It’s a categorical model with 4 outcome categories, 2 group-level effects and 46 x 3 = 138 population-level effects, fit using brms. When I calculate elpd_loo using
loo(mymodel, reloo = TRUE), the model is re-fit once due to a problematic observation. This re-fitting finishes fine, and a loo object is returned. However, the following warning is printed:
UNRELIABLE VALUE: Future (‘’) unexpectedly generated random numbers without specifying argument ‘[future.]seed’. There is a risk that those random numbers are not statistically sound and the overall results might be invalid. To fix this, specify argument ‘[future.]seed’, e.g. ‘seed=TRUE’. This ensures that proper, parallel-safe random numbers are produced via the L’Ecuyer-CMRG method. To disable this check, use [future].seed=NULL, or set option ‘future.rng.onMisuse’ to “ignore”.

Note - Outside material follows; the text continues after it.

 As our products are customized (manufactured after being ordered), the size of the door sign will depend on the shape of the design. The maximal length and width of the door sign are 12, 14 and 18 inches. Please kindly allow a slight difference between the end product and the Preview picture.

However, it seems to me that
loo() doesn’t have an argument called seed. Nonetheless, just to make sure, I tried just now to run
loo() on my model again, with reloo = TRUE and seed = TRUE. After another 90 minutes or re-fitting the model without the problematic observation, I get the same error again.

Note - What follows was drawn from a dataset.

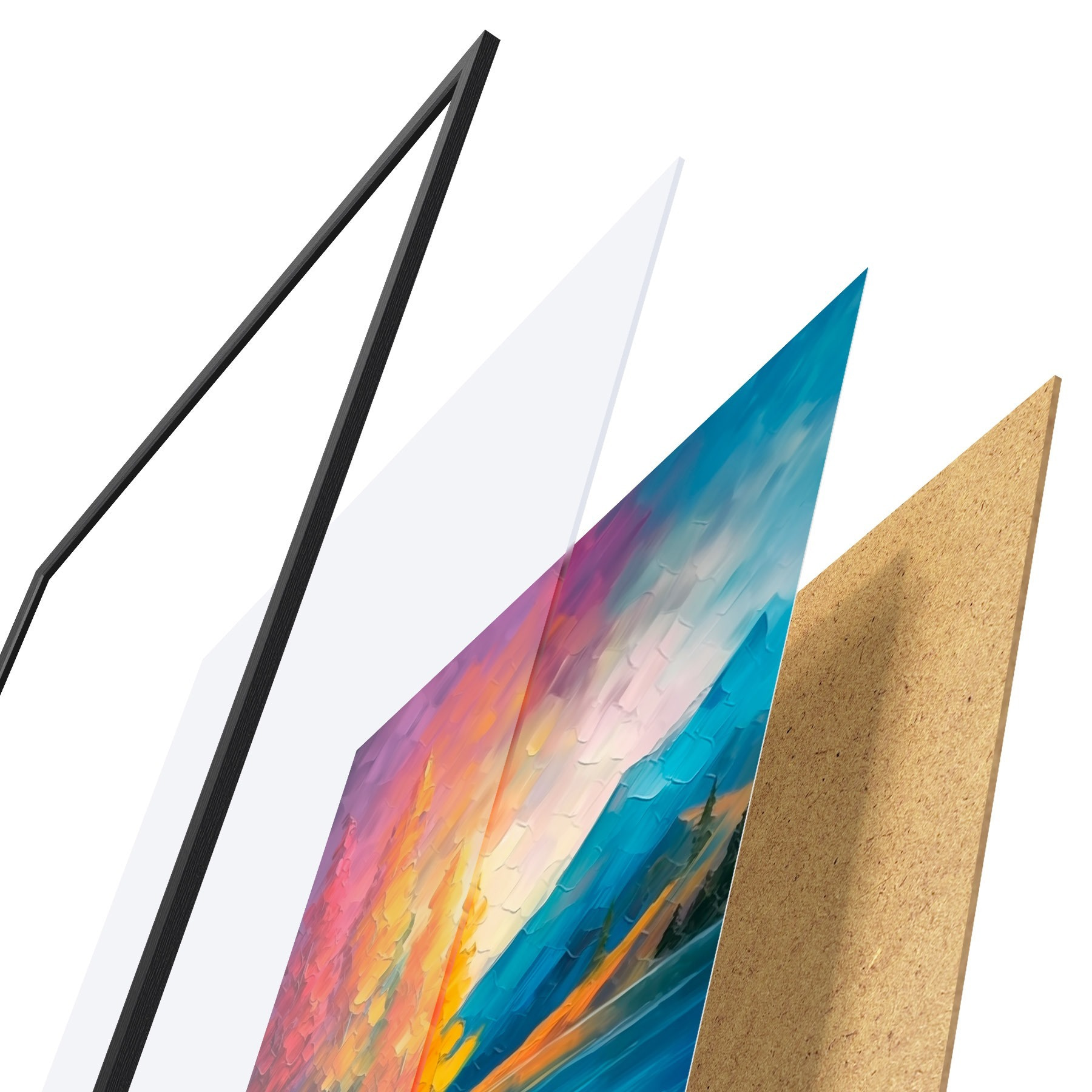Plakatą sudaro rėmas, pleksiklas, atspausdintas vaizdas ir medžio drožlių plokštės pagrindas. Plakatą galima iš karto pakabinti ant sienos dėl kitoje pusėje esančių laikiklių.

It might also be worth pointing out that the new reloo object is not identical to the first. Elpd_loo and the other diagnostics differ by a tiny amount (about 0.015 points). But I guess that is attributable to the fact that the refitting was done using different random seeds.
The question is: given that I’m still getting the warning, can I trust the reloo diagnostics or not?